§ **EXERCISE DETAILS**
Among the entries that follow, locate the line with "岳阳市岳阳楼区城市建设投资管" and the line with "Yippee! I picked". Output those lines and all lines in between, exactly, minus the pictures.

Collected data
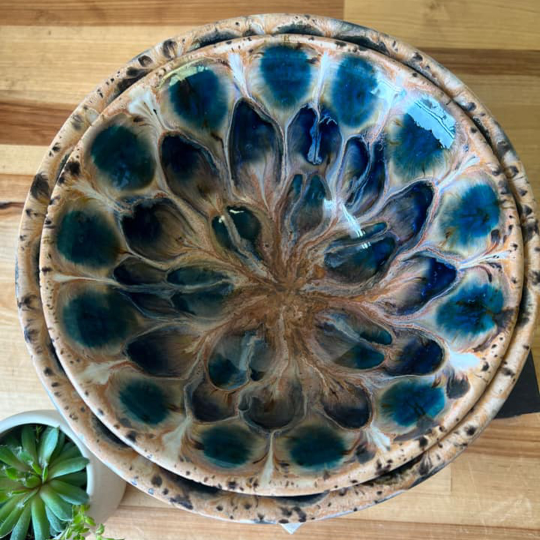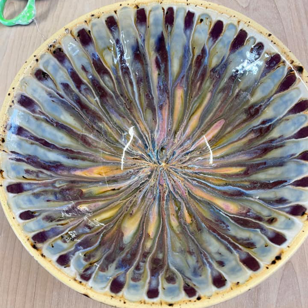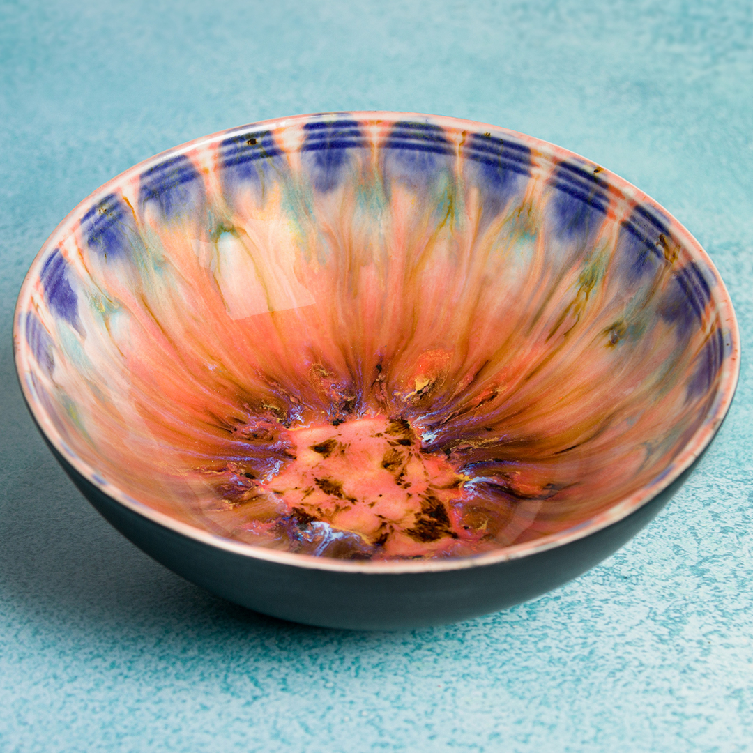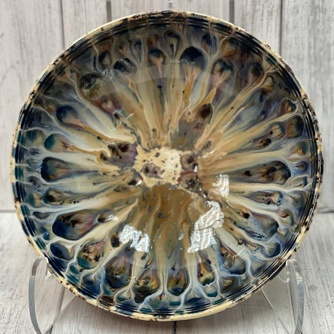The peacock glazing technique creates vibrant pops of color that swirl and move, resulting in dramatic effects. By combining different Stroke & Coat®, Stoneware Glazes, and Flux for mid-range, or Elements™ and Pottery Cascades™ for low-fire, artists achieve a dynamic reaction of captivating patterns with each firing.
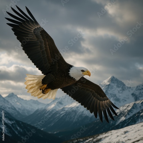 Obraz premium Majestic bald eagle soaring in the sky over dramatic snowy mountain peaks with stormy clouds
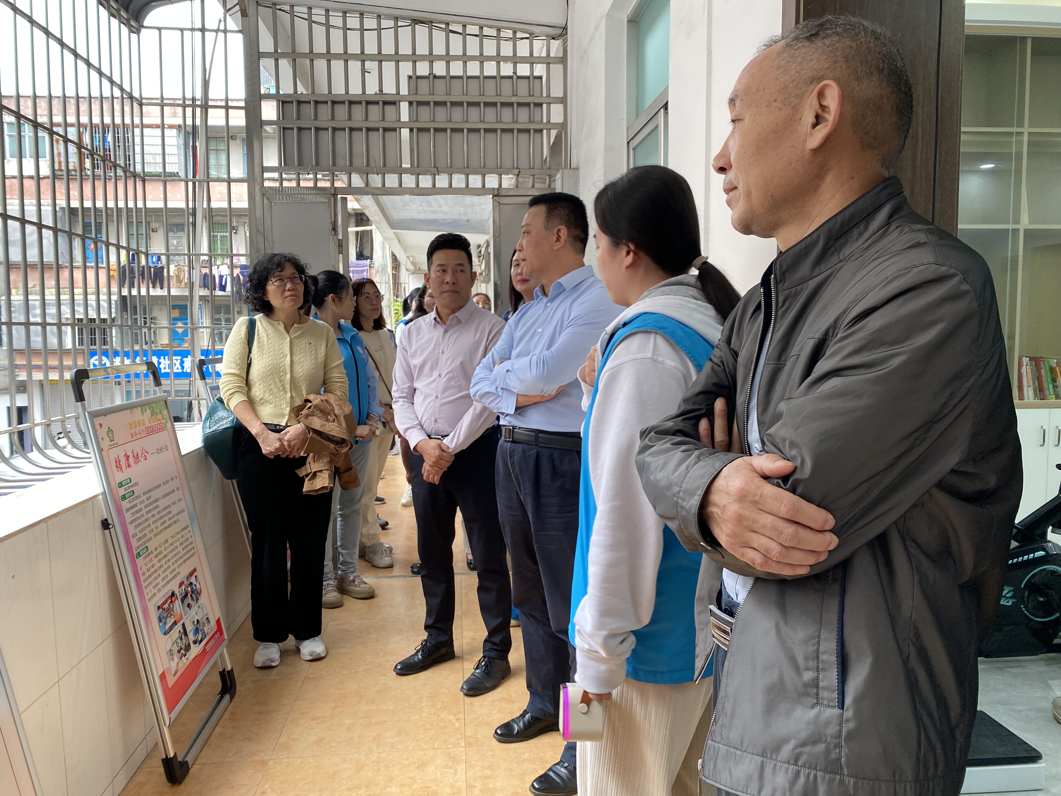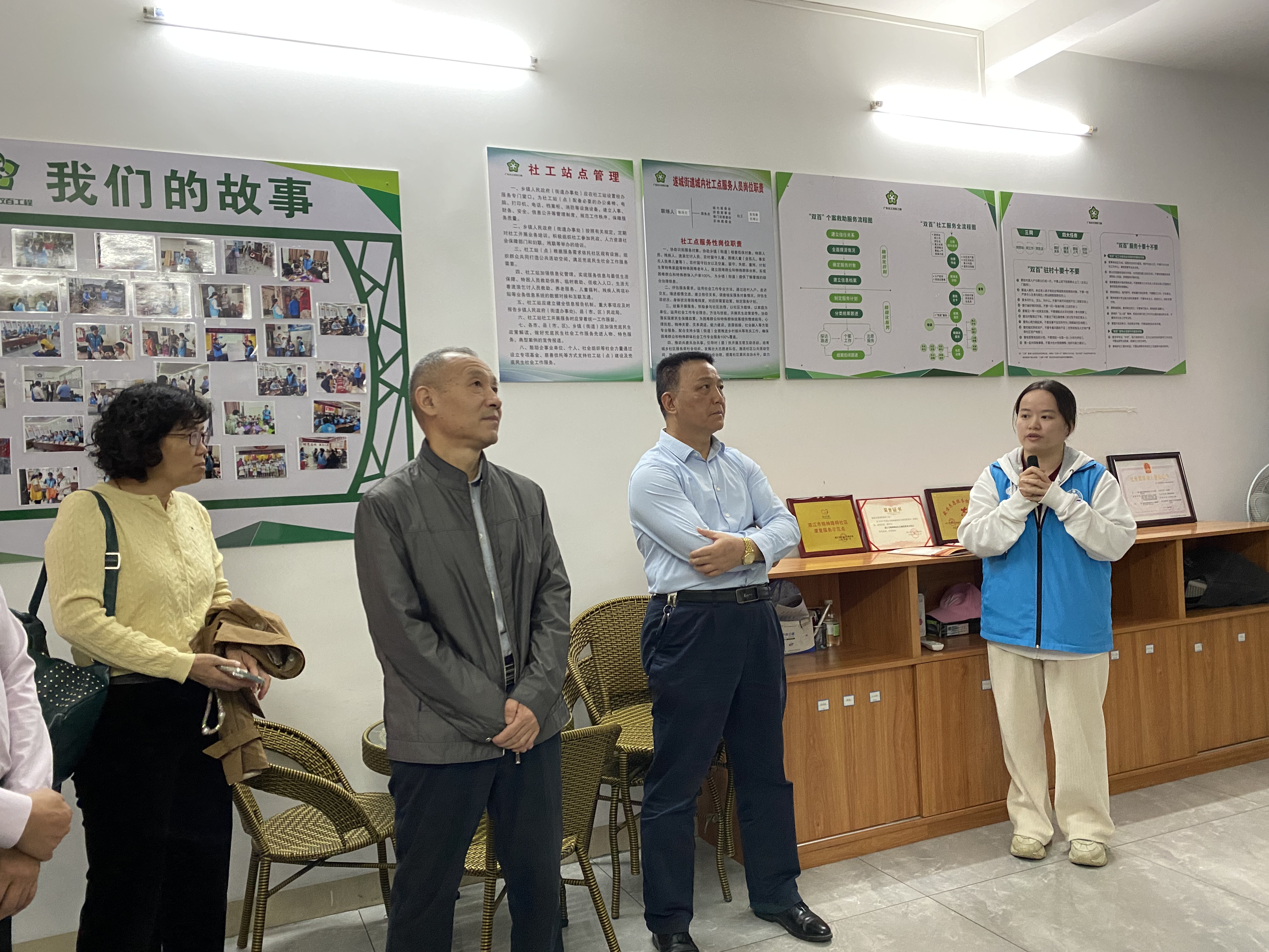 陳觀光一行人首先來到遂城街道社工站城內(nèi)社工點(diǎn)進(jìn)行參觀交流。社工點(diǎn)聯(lián)絡(luò)員陳詩文詳細(xì)介紹了站點(diǎn)建設(shè)、服務(wù)開展及社區(qū)融入情況,展示了遂城街道在基層社工服務(wù)陣地標(biāo)準(zhǔn)化、服務(wù)項(xiàng)目化方面的探索與實(shí)踐。
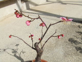 庭の梅も咲きました。こちらは室内のシャコバサボテンそして、お母さんの顔で遊ぶミー
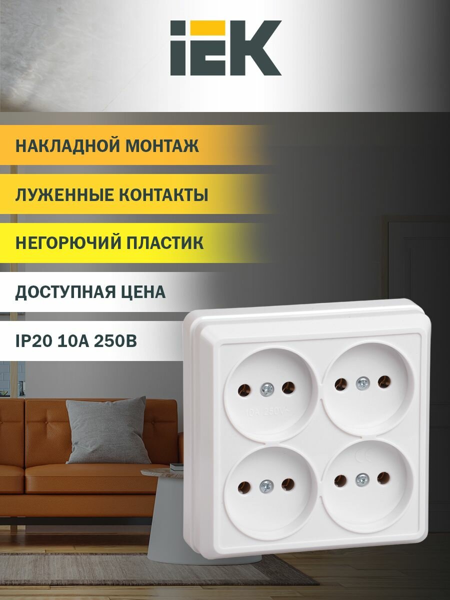 Розетка четверная накладная IEK Октава, с заземлением, 16 А, 250 В, IP20, белая
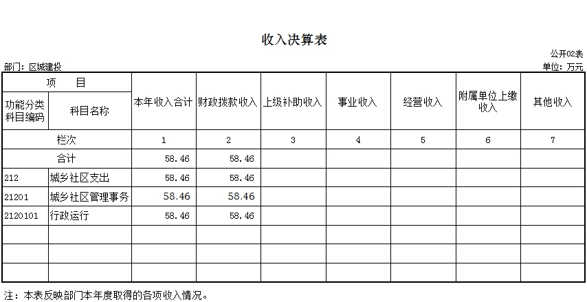岳阳市岳阳楼区城市建设投资管理中心收入合计58.46万元,其中:财政拨款收入58.46万元.
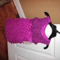 Yippee! I picked up a $20 flower girl dress from costco to day. In the store it look purple but when I got it home it look more fuchsia, but I'll roll with it.
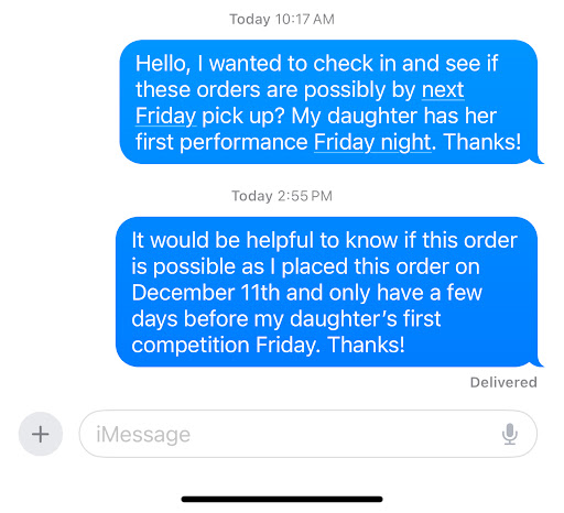I would give - zero stars if I could and not sure how the owner manages to keep her doors open with her non existent customer service. Trying to keep my money local and support small business I placed my first custom order the first week in December for an event the following week responded that she could make my design no problem. As the event approached and several attempts to reach out no response so I gave her a little grace understanding she may be busy with the holidays approaching and even showed up at her shop and purchased a premade design leaving me without my order for the event. No apology or anything. The worker felt terrible and apologized for her. I said I would like to give her another shot at another order if over a month is far enough an advance and she told me that’s more than ample time. Fast forward to a month later and a week before my daughter’s first dance competition she ghosted me again refusing to respond to texts or pick up her business phone when attempting to see if my order will be ready! Completely unprofessional and blown away how absolutely ignorant she is. Don’t waste your money with this business because she is less than thankful for the support and encourage others to shop somewhere where they actually appreciate it. As another local business owner I will be sure to share my horrendous...
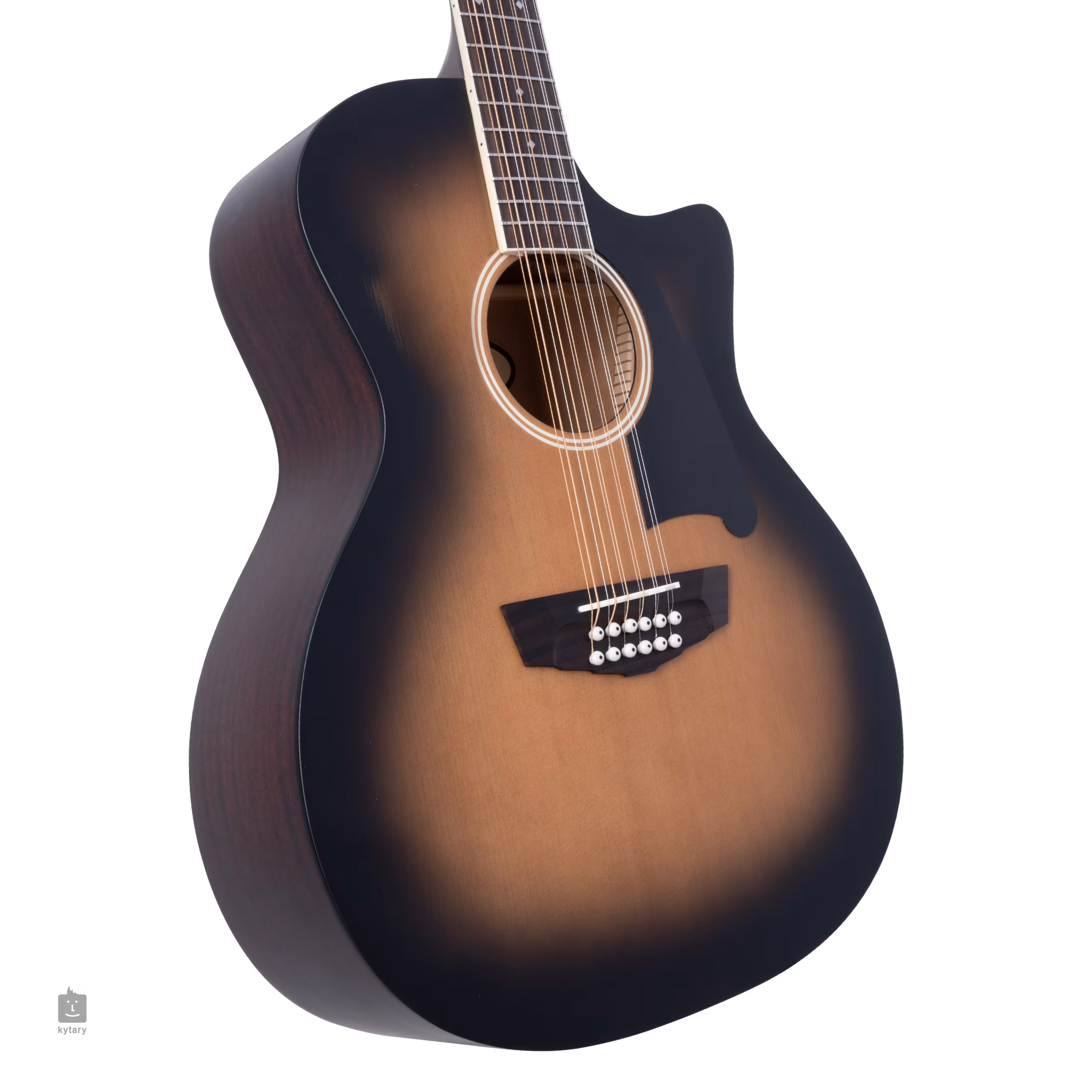 Přední deska kytary PREMIER FULTON Grand Auditorium 12-String CE Aged Burst je zhotovena z masivu smrku, zadní deska a luby jsou vyrobeny z laminovaného sapele. Dobré akustické vlastnosti kytary podporuje snížené X žebrování (Scalloped X). K mahagonovému krku s užším „C“ profilem je přilepen palisandrový hmatník osazený dvaceti pražci velikosti Medium Jumbo. Orientaci na hmatníku usnadňují polohové značky z imitace perleti ve tvaru malých démantů.
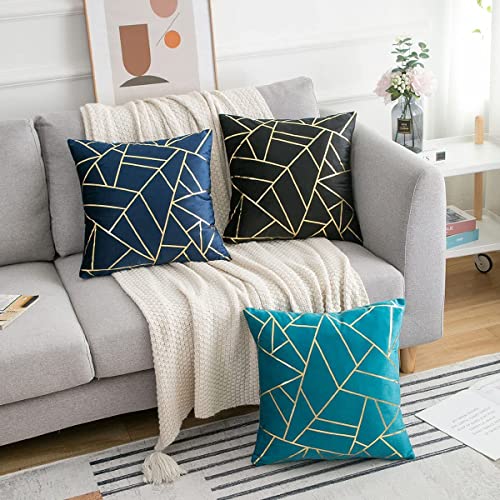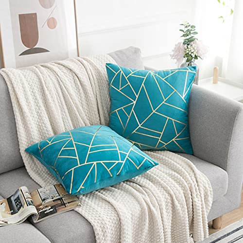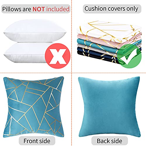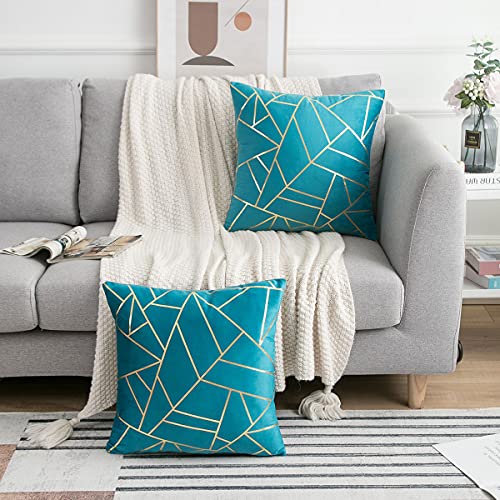 2er Set Samt Kissenbezug 50×50 Kissenbezüge Pfauenblau Samt Kissenbezug Soft Cosy Kissen Bezüge Deko Kissenbezüge Moderne Geometrie Muster Zierkissenbezug Dekokissen Sofakissen für Sofa Wohnzimmer

§ **TASK SOLUTION**
岳阳市岳阳楼区城市建设投资管理中心收入合计58.46万元,其中:财政拨款收入58.46万元.
 Yippee! I picked up a $20 flower girl dress from costco to day. In the store it look purple but when I got it home it look more fuchsia, but I'll roll with it.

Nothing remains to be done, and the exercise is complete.